China banks on desalination to help ease water woes
- Published
It is 11:00 in the village of Nanxinzhuang, in the mountain range just west of Beijing. In the centre of the village, a group of young men are relaxing in the sun and chatting with passing schoolchildren who are heading home for lunch.
But nearby, farmer Wang Yongxian does not have time to relax. A severe shortage of water in the village means that tap water is provided for just four hours a day.
Mr Wang must fill pots and buckets with enough water to for his wife and four-year-old granddaughter to use. He also needs water to irrigate his small patch of land, where he grows onions.
"When I was young, we had spring water to grow walnuts and pears," the 60-year-old explained. But that changed when the spring dried up in the 1980s. Since then, the village's ground water has also started to dry up, shrinking from seven wells to two.
"Drinking water has long been a problem for us, and we can't grow crops. We're dependent on the weather," he explained.
Parched land
Wang Yongxian's village lies in the heart of a large region of north-eastern China that is growing more desperate for water every year.
Millions are pouring into the capital, Beijing, and the neighbouring metropolis of Tianjin, leaving the provinces around those cities bone dry.
This arid region is on a par globally with chronically dry countries like Syria and Jordan, according to the United Nations Food and Agriculture Organisation.
China's central government is hoping to ease the region's water woes by turning to a resource right on their shores: salt water from the Bohai Sea.
Over the next five years, at least $3.3bn (£2.1bn) will be used to build desalination plants along the eastern coast.
The Chinese government has already invested tens of billions of dollars in other plans to solve the drought crisis, even redirecting water from China's wet south to the parched north. However, that plan will only address part of the problem, leaving the authorities to search for additional fixes.
Desalination will triple the amount of processed seawater available for human use by 2015.
In a new industrial zone just outside Tianjin lies a desalination plant that is said to be a model for the rest. Built on the water's edge, it is a hybrid desalination plan and power generator, both fuelled by coal.
At the moment, the desalination plant is only processing a fraction of what it could. Desalinated water from the plant costs 30% more than regular city water. Municipal buyers are not lining up to buy the plant's water, though that is a temporary problem, explained Guo Qigang, the plant's manager.
"Fresh water is one of our most important natural resources. If it is very scarce, it becomes indispensable," he explained.
Tianjin, Beijing and the surrounding regions are so desperate for water, the reasoning goes, that it is inevitable that desalinated water will be necessary.
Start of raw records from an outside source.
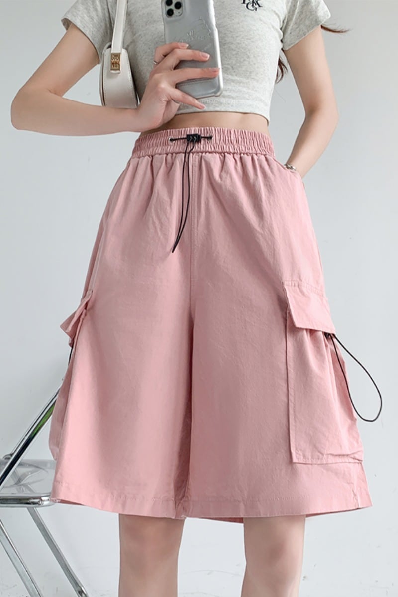 Nomikuma 巾着サファリスタイルカーゴショーツ夏弾性ウエスト因果ハーフショート Feminimos ボトムス エラスティック 伸縮 サマー 夏物 ブルマー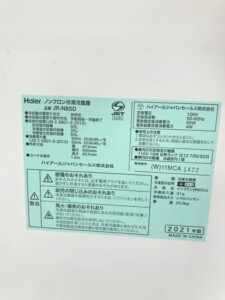 今回は大阪府松原市にお住まいの30代 女性(会社員)より、Haier(ハイアール)ノンフロン冷凍冷蔵庫 JR-N85D(2021年製)を出張買取にてご依頼いただきました。総容量85L(冷凍25L/冷蔵60L)の一人暮らし向け2ドアタイプで、買い替えに伴うご相談です。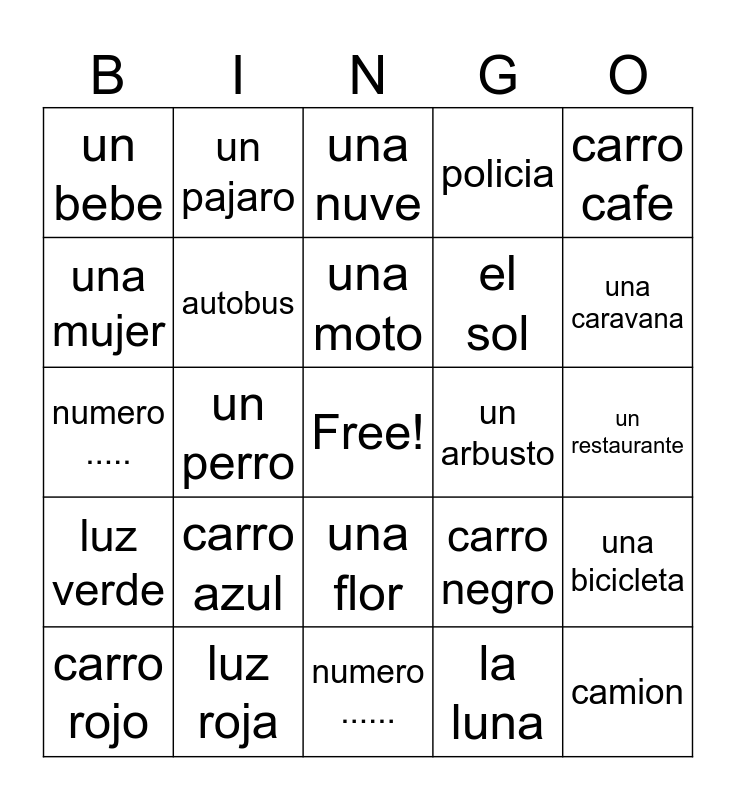 This bingo card has a free space and 29 words: carro rojo, numero ......, un perro, un arbol, un bebe, una nuve, autobus, carro azul, un arbusto, luz roja, un restaurante, camion, numero ......, la luna, una caravana, STOP, una flor, luz verde, carro cafe, numero ....., carro negro, gasolinera, el sol, una mujer, policia, un pajaro, una bicicleta, una moto and autopista.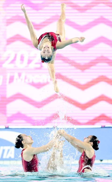 湖南“姐妹花”刘津含/刘津彤深深感受到了双胞胎在这一项目上的优势。“我们从小在一起练,发力习惯、做动作时的身体感受都很相似。很多时候,只要简单说‘往上一点’‘往下一点’,我们就能把头部、手部的角度调整到几乎一致,就连上升吸气的气口都特别同步。”刘津含说。

The billions already spent on this plant are not a gamble, they are a sure-fire investment.
'Quick fix'
And that is a disappointment to environmentalists who are critical of the concept of desalination.
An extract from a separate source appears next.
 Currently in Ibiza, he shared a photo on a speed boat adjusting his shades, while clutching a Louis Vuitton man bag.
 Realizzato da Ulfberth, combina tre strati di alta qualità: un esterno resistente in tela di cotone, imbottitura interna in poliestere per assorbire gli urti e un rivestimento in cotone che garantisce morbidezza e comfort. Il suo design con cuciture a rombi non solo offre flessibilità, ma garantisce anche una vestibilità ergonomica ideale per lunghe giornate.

"Desalination uses lots of energy to produce filters, and then to process and transport the clean water," argued Zhang Junfeng, a Beijing environmental activist.
But the Tianjin plant is relatively environmentally friendly compared to other desalination technologies, said plant boss Guo Qigang.
"We produce drinkable water with a kind of recycling model," he said. "Desalination uses the remaining heat from the power plant, so that it makes use of waste energy."
Highly-concentrated salt water is usually a nasty by-product of the desalination process, but Mr Guo says that in Tianjin, the salt is processed into industrial grade salt.
But those green credentials don't impress the environmentalist, Zhang Junfeng. Beijing and the surrounding region struggle with thick smog caused, in large part, by coal-fired power plants, so the prospect of new coal-dependent desalination plants along the coast is not a welcome one.
"Desalination is a quick fix solution," he argued. "It is not encouraging people to conserve resources, but to find out how we can meet the consumption of resources."
The farmer, Wang Yonglin, shrugs his shoulders when asked about the government's plans to solve the water crisis. "I'm just an ordinary person," he explained.
However, it is clear that he expects the officials at the helm in Beijing to address the resource crisis that is threatening his way of life.
For Mr Wang, and millions like him, the pressure is on the government to come up with a quick solution. Perhaps, then, it is no wonder the Communist Party has seized on desalination as a partial, albeit imperfect, solution.